Both Coyle and Fields connect the phenomenon of "talent hotbeds", such as Florence during the Renaissance and many modern day talent hotbeds to research being done on how myelin develops and how it works to insulate neural connections.  For two years, Coyle visited and studied small ramshackle “chicken-wire Harvards” around the world that produce an enormous amount of talent.  He calls the three key elements that he consistently observed in those talent hotbeds, "the talent code":

1. Deep practice
2. Ignition
3. Master coaching

Coyle asserts that deep practice is required for maximum learning and maximum myelinazation.  Practice needs to be targeted and challenging enough that people make mistakes, re-focus on the target and try again and again, always re-focusing on the target.  "Struggle is not an option; it’s a biological requirement." 6 The wrapping of myelin requires a lot of energy, focused practice, struggle and time. 

Coyle cites Stigler and Hiebert's7 analysis of schools in Japan and the United States. One study showed 44 percent of the class time in Japanese eighth grade mathematics classrooms was spent in thinking, reasoning and actively struggling with underlying concepts.  The same study found that American teachers tried to avoid having students struggle. 

The emphasis of the Common Core State Standards on Mathematical Practice (Make sense of problems and persevere in solving them; Reason abstractly and quantitatively; Construct viable arguments and critique the reasoning of others; etc.) seems to call us to provide the kind of mathematical focus and struggle that will enhance student production of white matter.

~Kathleen Barta
Director, Teacher to Teacher Publications

1 Coyle, Daniel. 2009. The Talent Code.

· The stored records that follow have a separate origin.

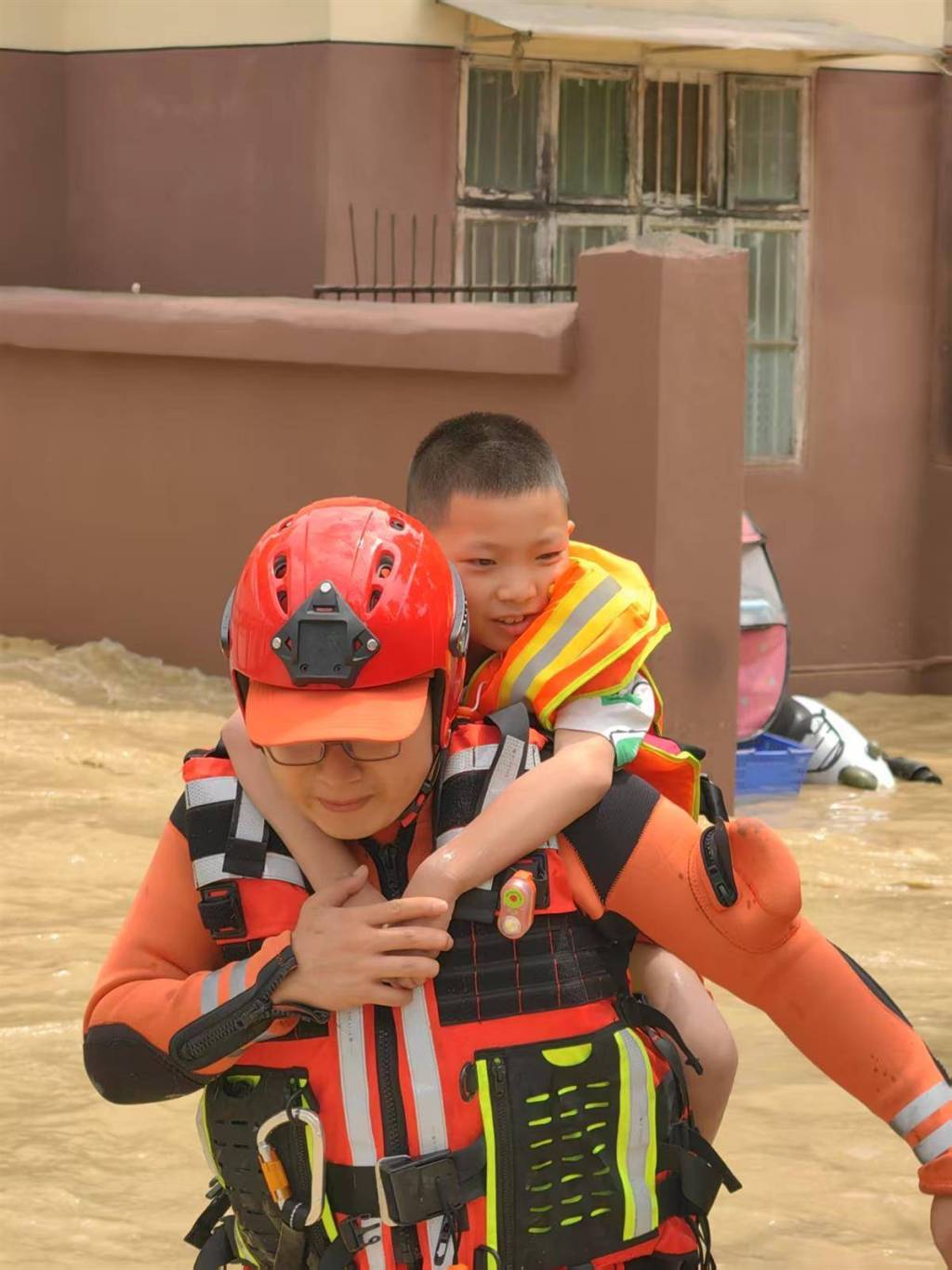 消防救援人员正在转移群众。(通讯员 牟军 摄)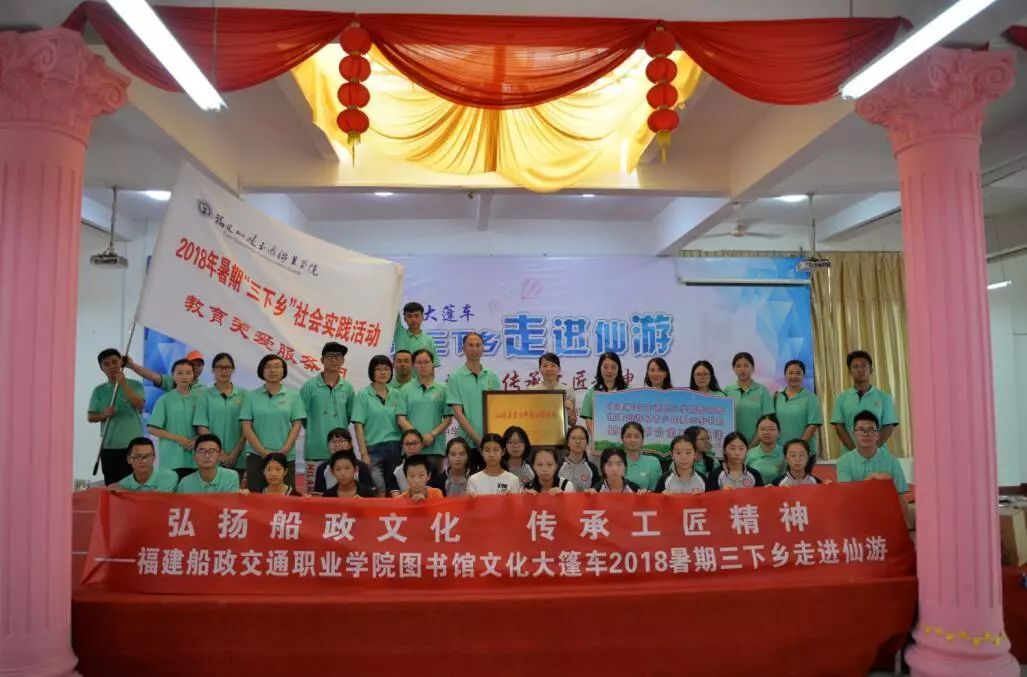 2018年我館依托圖書館“文化大篷車”項(xiàng)目,組成教育關(guān)愛服務(wù)團(tuán)“三下鄉(xiāng)”服務(wù)隊(duì),開展“弘揚(yáng)船政文化,傳承工匠精神”----圖書館文化大篷車2018暑期三下鄉(xiāng)走進(jìn)仙游活動(dòng)中開展豐富多彩的活動(dòng),取得喜人的成績(jī),獲得了共青團(tuán)福建省委授予的福建省大中專學(xué)生暑期“三下鄉(xiāng)”社會(huì)實(shí)踐活動(dòng)“先進(jìn)集體”的榮譽(yù)稱號(hào).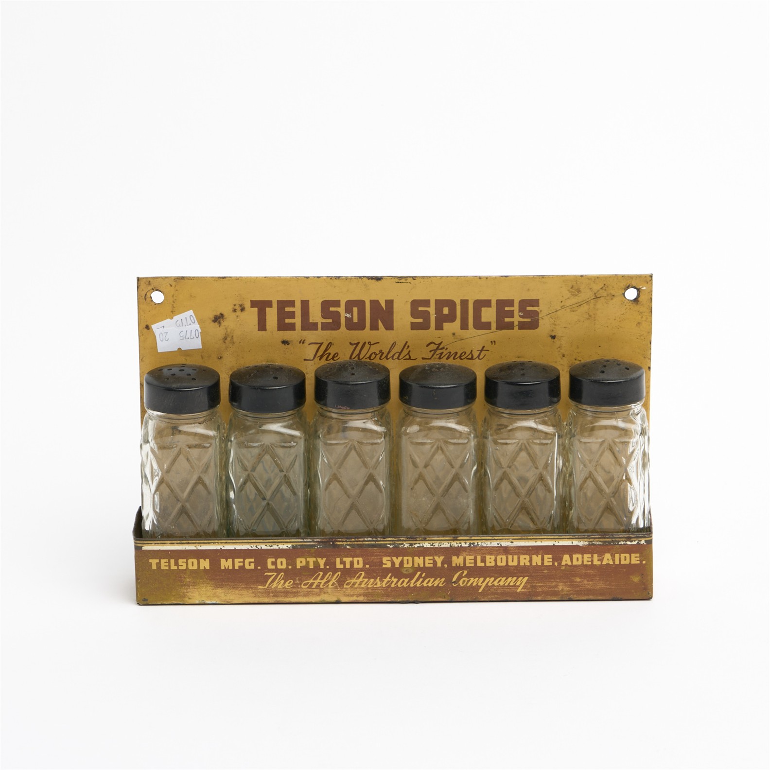 AN AUSTRALIAN TELSON SPICES SIX BOTTLE BAKELITE TOPPED DISPLAY STAND L.25CM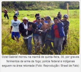 No começo do ano, foram os Guarani Kaiowá que tiveram de lutar pela sobrevivência e permanência nas terras de Pyelito Kue (MS). Na última quinta-feira (30), o índio Oziel Gabriel foi assassinado por policiais federais em uma ação de reintegração de posse. Houveram protestos e novas ocupações por parte da tribo Terena, que relatou terrorismo em conflito por terra no Mato Grosso do Sul.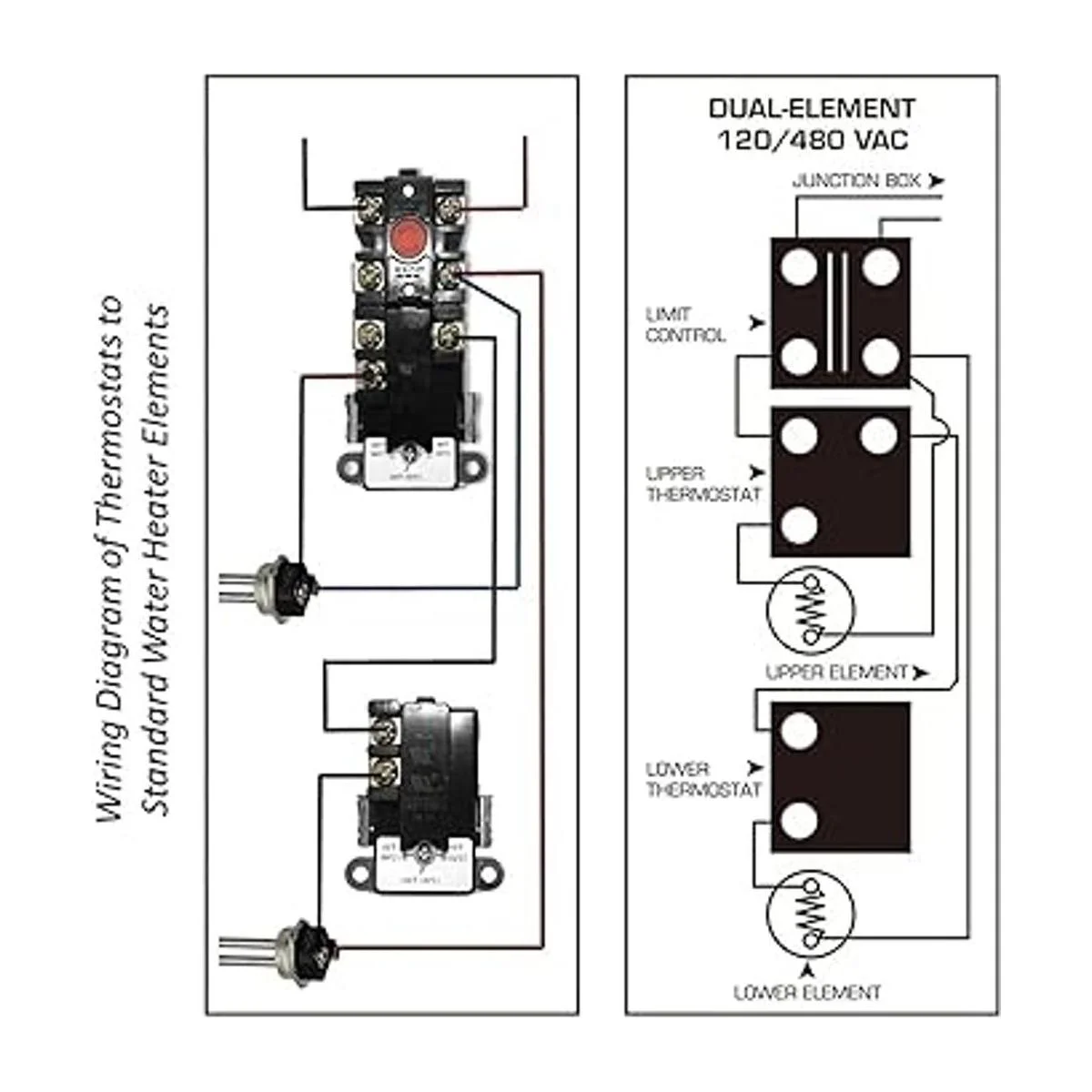 EWH00 Termostato eléctrico para calentador de doble elemento, incluye 1 termostato superior y 1 termostato inferior, tipo universal para TOD y APCOM, apto para la mayoría de calentadores de agua eléctricos

Random House, New York, New York., p. 5.
2 Fields, R. D., "White Matter Matters", Scientific American. March 2008, p. 59
3 Fields, R. D., "Watching the Brain Learn", Mind Matters, 11/24/09. Retrieved from this article.       
4 Ibid.
5 Coyle, D. Op cit., p. 65
6 Ibid., p. 34
7 Stigler, J. W. and Hiebert, J. 1999. The Teaching Gap: Best ideas from the world’s teachers for improving education the classroom. Free Press. New York, New York.